A Sr.ª Presidente da Assembleia da República: — Em representação do Bloco de Esquerda, tem a
palavra o Sr. Deputado Pedro Filipe Soares.
O Sr. Pedro Filipe Soares (BE): — Sr. Presidente da República, Sr.a Presidente da Assembleia da
República, Srs. Presidentes do Tribunal Constitucional e do Supremo Tribunal de Justiça, Sr. Primeiro-Ministro
e demais Membros do Governo, Sr.as e Srs. Deputados, Sr.as e Srs. Convidados, Minhas Senhoras e Meus
Senhores:
Nessa madrugada do dia 25 de Abril de 1974, em que os capitães saíram à rua pela liberdade, eu ainda
não era nascido. Eu e tantas e tantos somos filhos da Revolução. Para nós, a liberdade foi sempre tão natural
como o respirar, e o único regime que conhecemos é o democrático. E por ser tão natural, valorizamos mais
essa conquista e aqueles que a fizeram. Esse abalo redentor mostrou a força de um povo, que de um golpe
militar, fez uma revolução. Mostrou como o futuro se fez presente e bebeu de um trago a liberdade. A
liberdade de expressão, o direito à manifestação ou de associação foram num ápice forjados nas ruas, muito
antes de chegarem a ser leis.
Hoje, comemoramos esse momento fundamental e os 40 anos da Assembleia Constituinte que lhe está
umbilicalmente ligada. Esse processo constituinte foi exemplar: tão vivo, controverso, radical no seu debate e
na sede de participação, que foi um hino à democracia. Esses momentos fortes e processos tão marcantes
não podem ser transformados em salamaleques, não se esgotam nos protocolos, nas marchas pomposas,
nem se apoucam com os que se envergonham com os cravos. Eles não ficam acantonados na História,
porque fazem parte da vida e da identidade do País. E os homens e as mulheres que os protagonizaram
venceram uma ditadura brutal e sanguinária, que perseguia quem tinha opinião, torturava quem sonhava a
liberdade, tornava proscritos os homossexuais e as mulheres mantinha-as num conservador patriarcado,
condenando os jovens à guerra colonial ou à deserção. Eram livres de espírito, deram corpo à resistência e
arrancaram a ferros a liberdade: são os heróis que abriram a porta a essa madrugada libertadora.

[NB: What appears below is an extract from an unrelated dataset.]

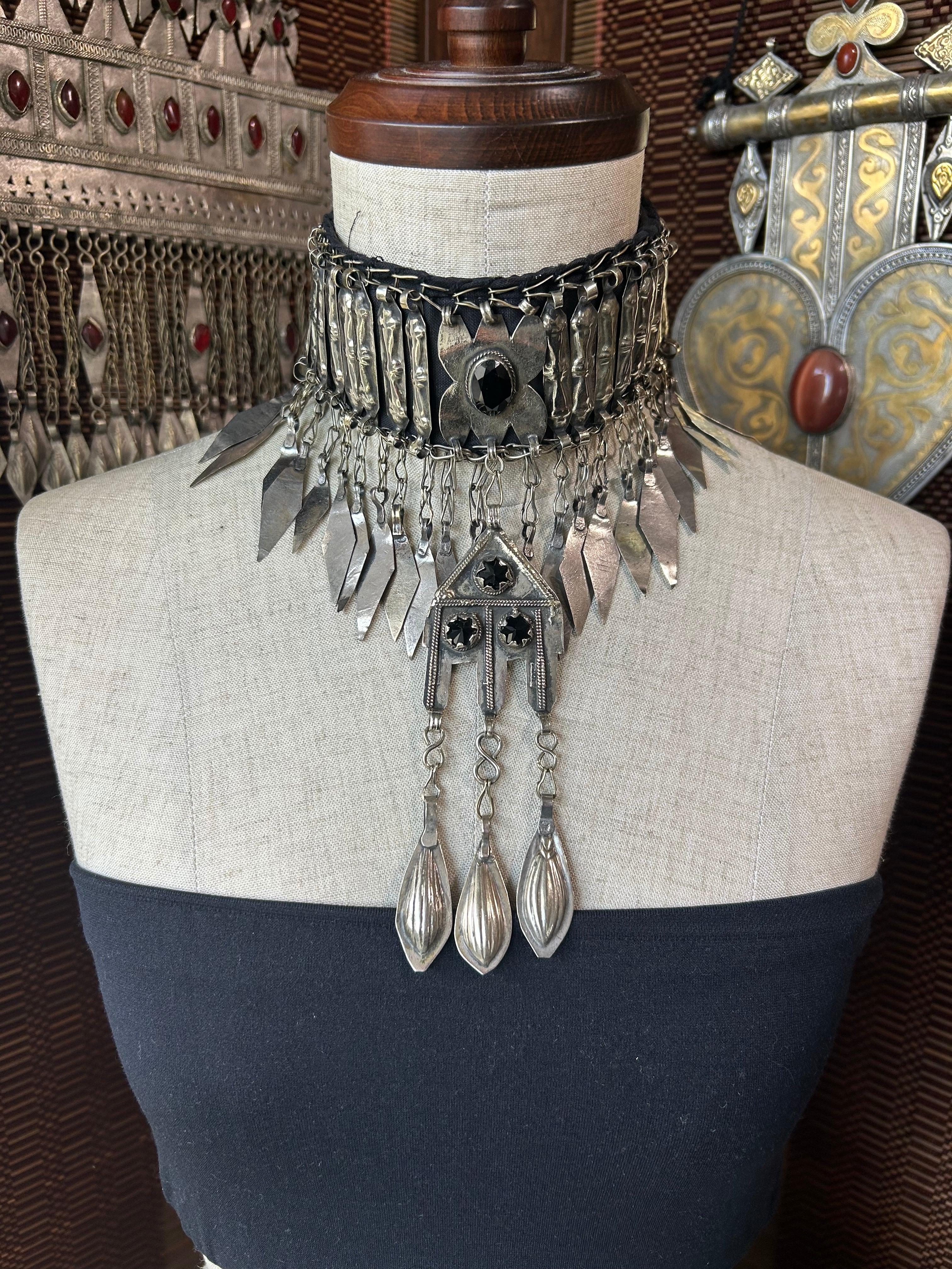 ジェットブラックの大粒スワロフスキーを入れたトルクメンネックレス。わりと新しいお品のようで、

A escola pública, o Serviço Nacional de Saúde, a proteção social, os direitos laborais e a participação
cidadã tinham a marca genética da igualdade, da justiça e da solidariedade semeadas em Abril. Começava a
modernidade no País.
Veio depois a abertura à Europa e o prenúncio de uma terra mais plena perante a queda dos muros. Mas
vemos hoje como entre os sonhos e a dureza da realidade muito temos ainda a haver. Da queda do Muro de
Berlim, aos novos muros internos criados, até ao cadafalso do Mediterrâneo. E aqueles homens, mulheres e
crianças que fogem à guerra, à fome e à violência, que são depois vítimas de pirataria humana, esbarram
contra a Europa fortaleza que, em vez de se mobilizar para os acolher, se mobiliza para os devolver. Onde
está a consciência europeia, a defesa dos direitos humanos, ou até a assunção das responsabilidades que a
Europa tem nos conflitos armados que expulsam estas populações das suas terras? Não existe. Existe um
diretório e uma troica, de plantão.
Como há tantos sonhos, tantos valores, tantas promessas ainda por cumprir!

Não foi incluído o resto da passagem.